ACTIVITY:
With pictures left out, only the lines from the one containing "It has small" through the end of the records should be reproduced exactly, please.

EXTRACTED INFORMATION:
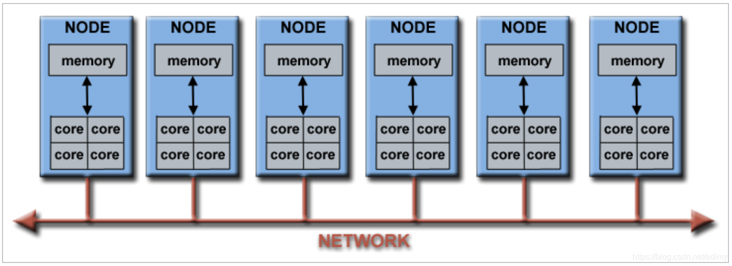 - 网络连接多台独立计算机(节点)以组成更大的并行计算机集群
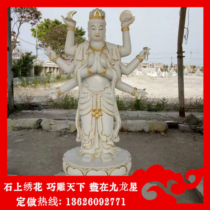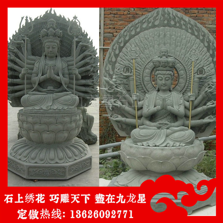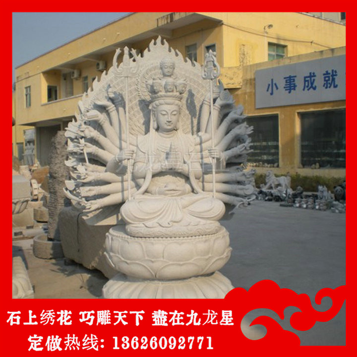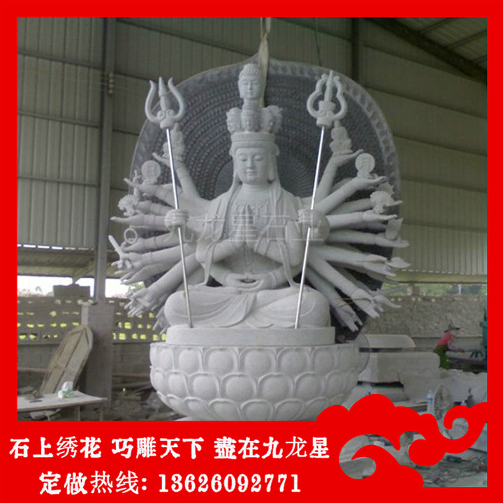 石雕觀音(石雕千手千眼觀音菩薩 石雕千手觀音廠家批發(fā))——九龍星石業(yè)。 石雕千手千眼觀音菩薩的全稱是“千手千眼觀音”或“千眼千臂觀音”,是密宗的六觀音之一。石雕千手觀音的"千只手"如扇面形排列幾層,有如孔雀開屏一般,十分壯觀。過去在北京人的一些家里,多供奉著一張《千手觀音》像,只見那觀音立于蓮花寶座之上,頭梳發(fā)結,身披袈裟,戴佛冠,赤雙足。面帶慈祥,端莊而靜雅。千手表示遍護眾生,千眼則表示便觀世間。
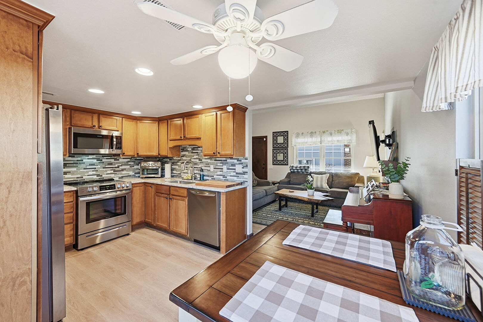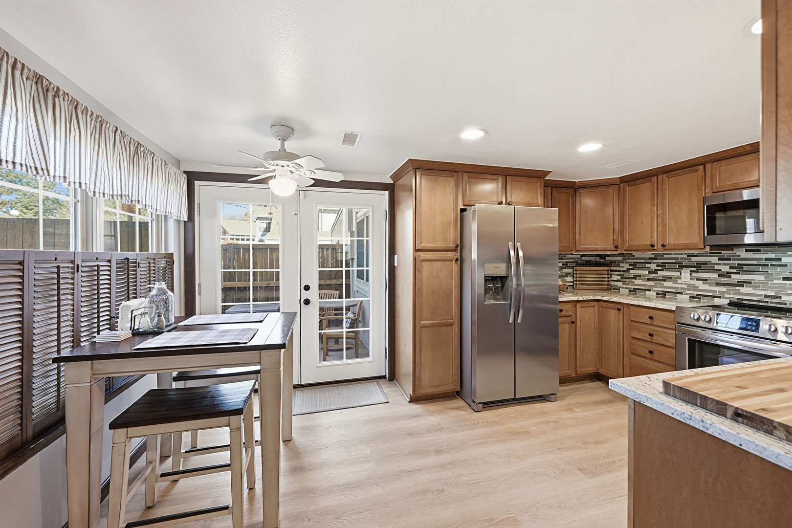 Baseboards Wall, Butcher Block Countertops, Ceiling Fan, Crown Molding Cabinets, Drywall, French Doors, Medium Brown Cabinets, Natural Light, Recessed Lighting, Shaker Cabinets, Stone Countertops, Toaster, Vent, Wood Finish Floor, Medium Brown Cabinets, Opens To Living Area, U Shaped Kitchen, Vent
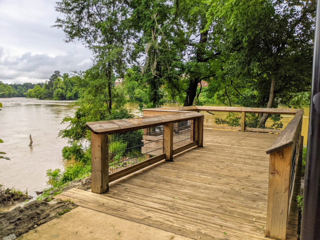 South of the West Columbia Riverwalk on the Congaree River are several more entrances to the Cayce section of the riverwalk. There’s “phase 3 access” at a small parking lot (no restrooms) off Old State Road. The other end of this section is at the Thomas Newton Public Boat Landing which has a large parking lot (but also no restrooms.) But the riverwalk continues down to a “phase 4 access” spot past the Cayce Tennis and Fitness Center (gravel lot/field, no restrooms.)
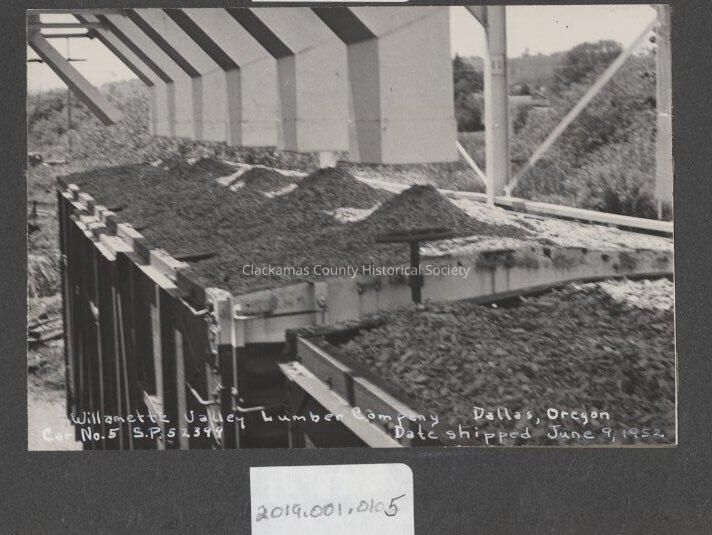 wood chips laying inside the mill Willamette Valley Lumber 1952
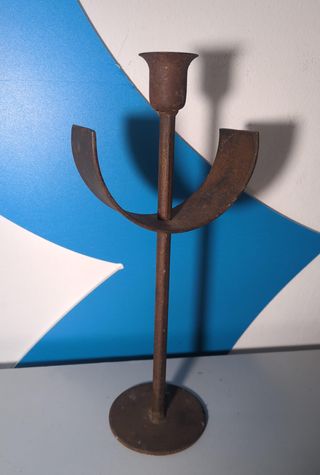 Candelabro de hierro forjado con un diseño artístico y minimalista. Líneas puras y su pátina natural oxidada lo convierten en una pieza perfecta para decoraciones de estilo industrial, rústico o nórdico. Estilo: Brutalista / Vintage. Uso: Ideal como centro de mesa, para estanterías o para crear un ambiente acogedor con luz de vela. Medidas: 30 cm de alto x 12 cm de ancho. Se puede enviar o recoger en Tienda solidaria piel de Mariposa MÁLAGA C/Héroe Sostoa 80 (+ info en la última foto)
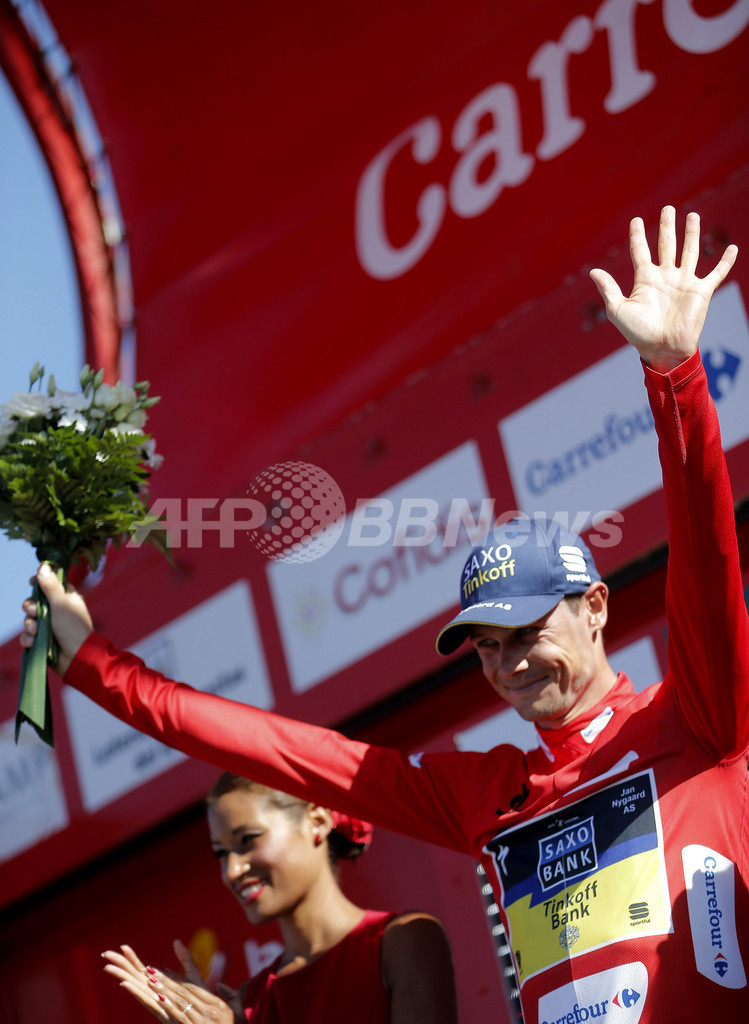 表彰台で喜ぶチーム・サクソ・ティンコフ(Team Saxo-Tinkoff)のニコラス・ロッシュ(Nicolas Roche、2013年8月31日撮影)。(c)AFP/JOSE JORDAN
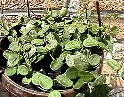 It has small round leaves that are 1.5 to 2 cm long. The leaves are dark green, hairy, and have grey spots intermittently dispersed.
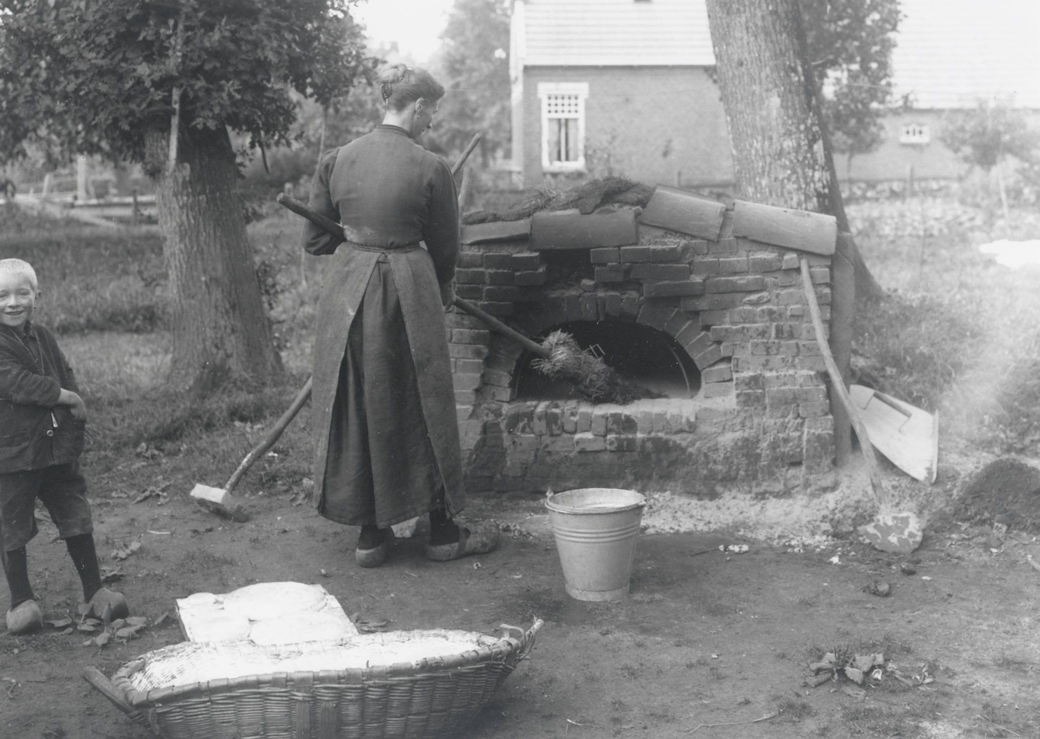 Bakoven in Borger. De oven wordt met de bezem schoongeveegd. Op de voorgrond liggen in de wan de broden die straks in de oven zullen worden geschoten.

COMPLETED EXERCISE:
 It has small round leaves that are 1.5 to 2 cm long. The leaves are dark green, hairy, and have grey spots intermittently dispersed.
 Bakoven in Borger. De oven wordt met de bezem schoongeveegd. Op de voorgrond liggen in de wan de broden die straks in de oven zullen worden geschoten.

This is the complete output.